We need to keep trying to end bullying and abuse by telling each other how awful it feels. And it is true that we are more often motivated to do this when we can imagine what it would feel like if it was done to us. So perhaps this show should be shown only to those who have no sense of imagination or understanding of why rape and bullying are bad – to those who are incapable of feeling empathy.

But for the rest of us (which is most of the population) who already knew that it caused suffering this show provided no benefit. It seriously damaged a lot of the progress trying to be made by mental health and sexual assault professionals, while also creating a gross glorification of suicide along with a whole host of unrealistic outcomes.


Using the bias that those who have suffered or those who have died have moral high ground and are not responsible makes it easy to use suicide as a weapon.

“In case you’re tempted to break the rules…” Hannah has set up a black mail system so that her wishes after her suicide are fulfilled. Rather than taking steps while she was alive, she used her suicide as a weapon for revenge on those who had wronged her.

This is difficult for those who have experienced the suicide of a loved one as this is certainly not always the case. It makes the image of suicide a teen-revenge one and it encourages some to use suicide as a bargaining chip.

Having suicide vindicate Hannah gives the message that it is an effective weapon.

The reality is that the threat of suicide is already used as a weapon more often than we would expect, and that it might work as well as it is shown to work. I have heard and experienced cases where an ex will use it as a way of keeping the relationship going.

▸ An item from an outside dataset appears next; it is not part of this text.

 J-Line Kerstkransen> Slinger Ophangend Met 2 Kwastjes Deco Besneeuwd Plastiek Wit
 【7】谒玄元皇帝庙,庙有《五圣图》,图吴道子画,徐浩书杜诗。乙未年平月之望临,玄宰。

Ending our own lives is as about as serious an action as we can make. So it should be treated as such. Call the cops or admit someone to the hospital if they are saying they want to kill themselves.

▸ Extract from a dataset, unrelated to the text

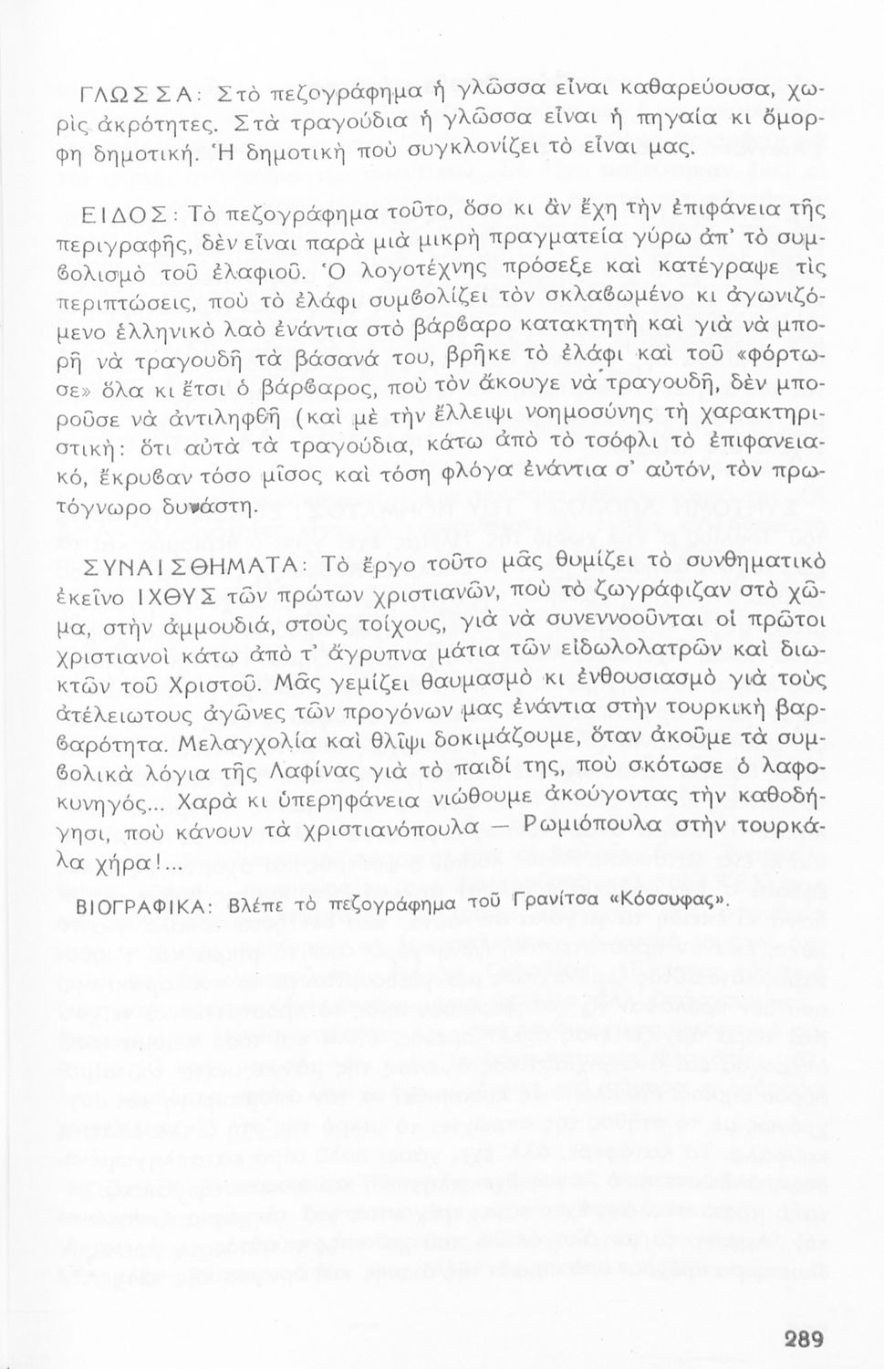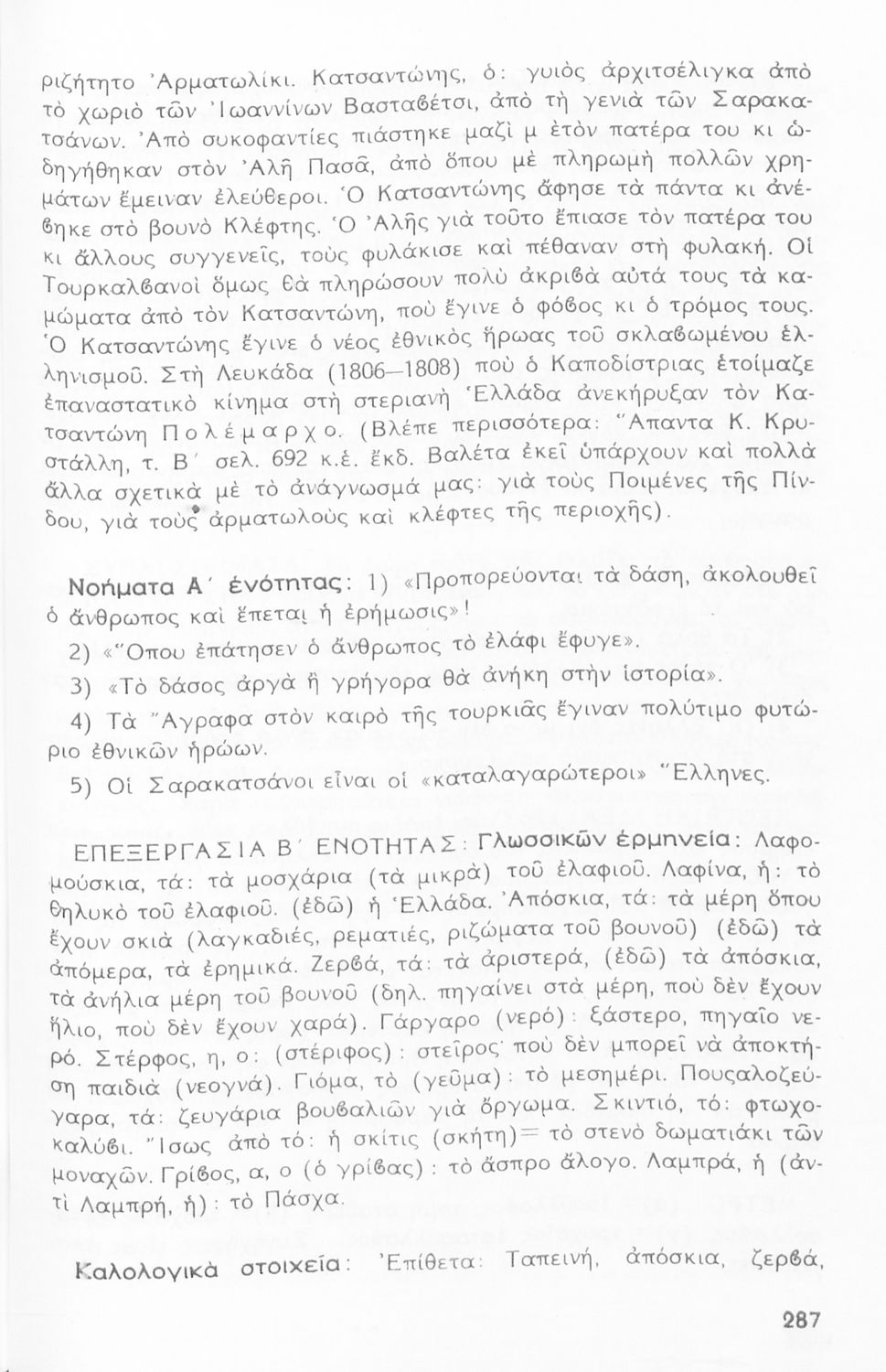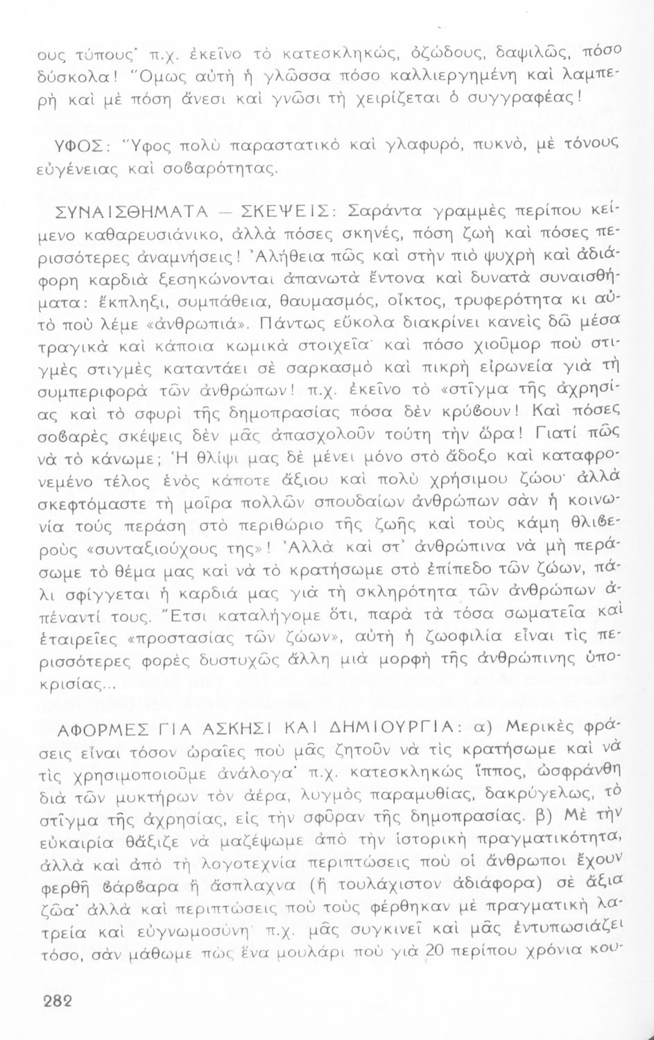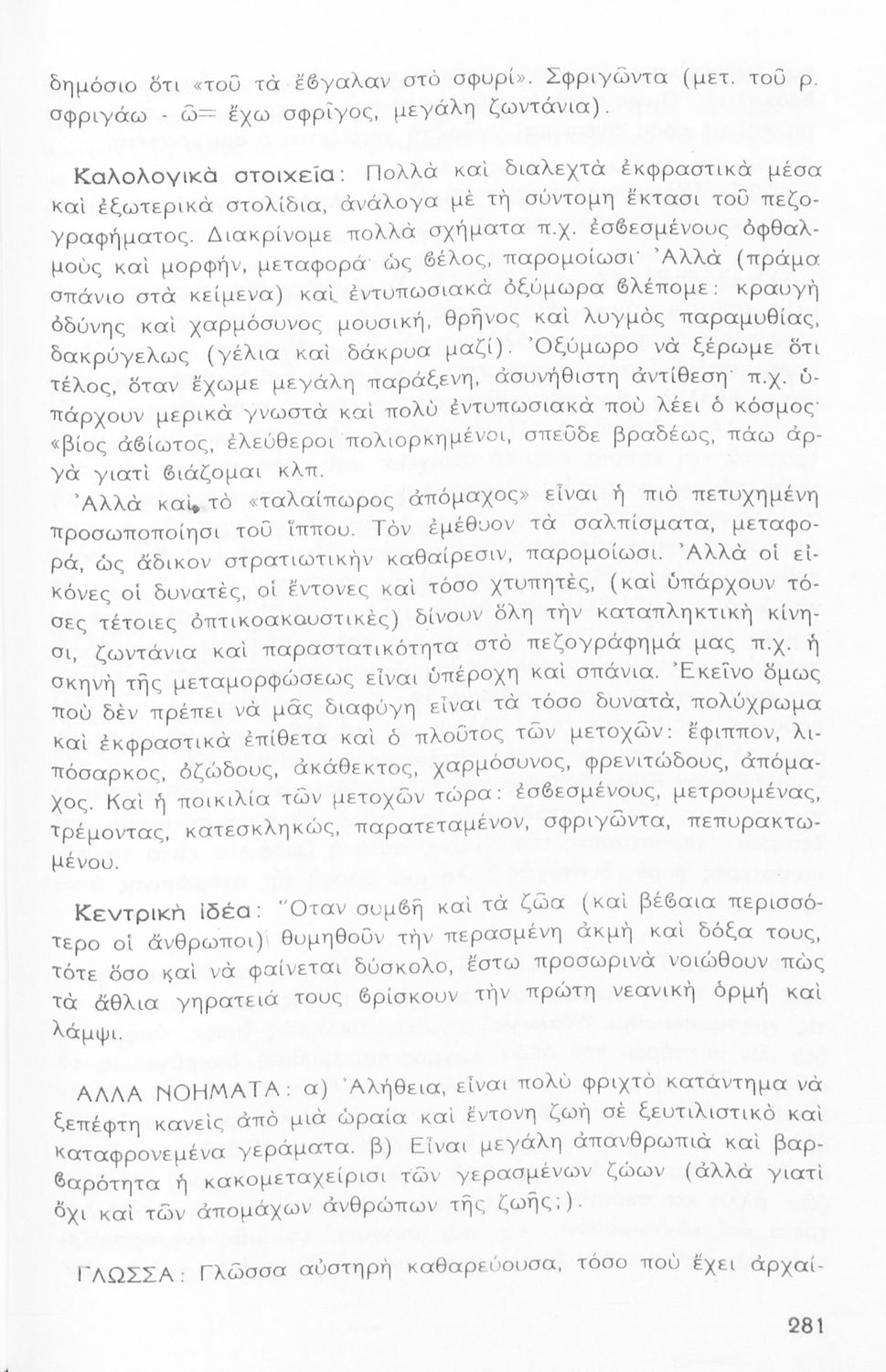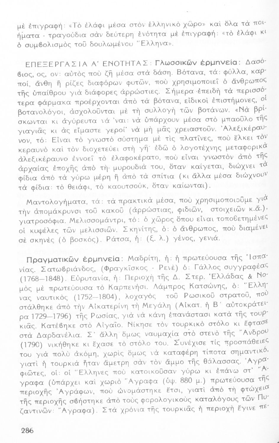 Μαθητικό βοήθημα Νέων Ελληνικών για την Ε΄ και ΣΤ΄ Γυμνασίου που περιλαμβάνει αναλύσεις των κειμένων των αντίστοιχων σχολικών εγχειριδίων από νοηματική, ερμηνευτική και γλωσσική σκοπιά. Περιέχει και βιογραφίες

But when we are shown that it can be used to accomplish things (like the argument that wins all) it will be more often employed as a threat, further diluting the world of mentally ill trying to get help.


This show is a weird mix of Easy A and Pretty Little Liars pumped up with the political inflammation of rape and suicide. It makes suicide cool and casual and the way that is is handled is completely outrageous to those of us who have experience with these topics. Everything about the tone, imagery, music and story is a melodramatic teenage me’s dream…and it might have lead to my suicide too.

Could we find a better way to bring light to these issues? Could we hear more from those who are still living through their suffering?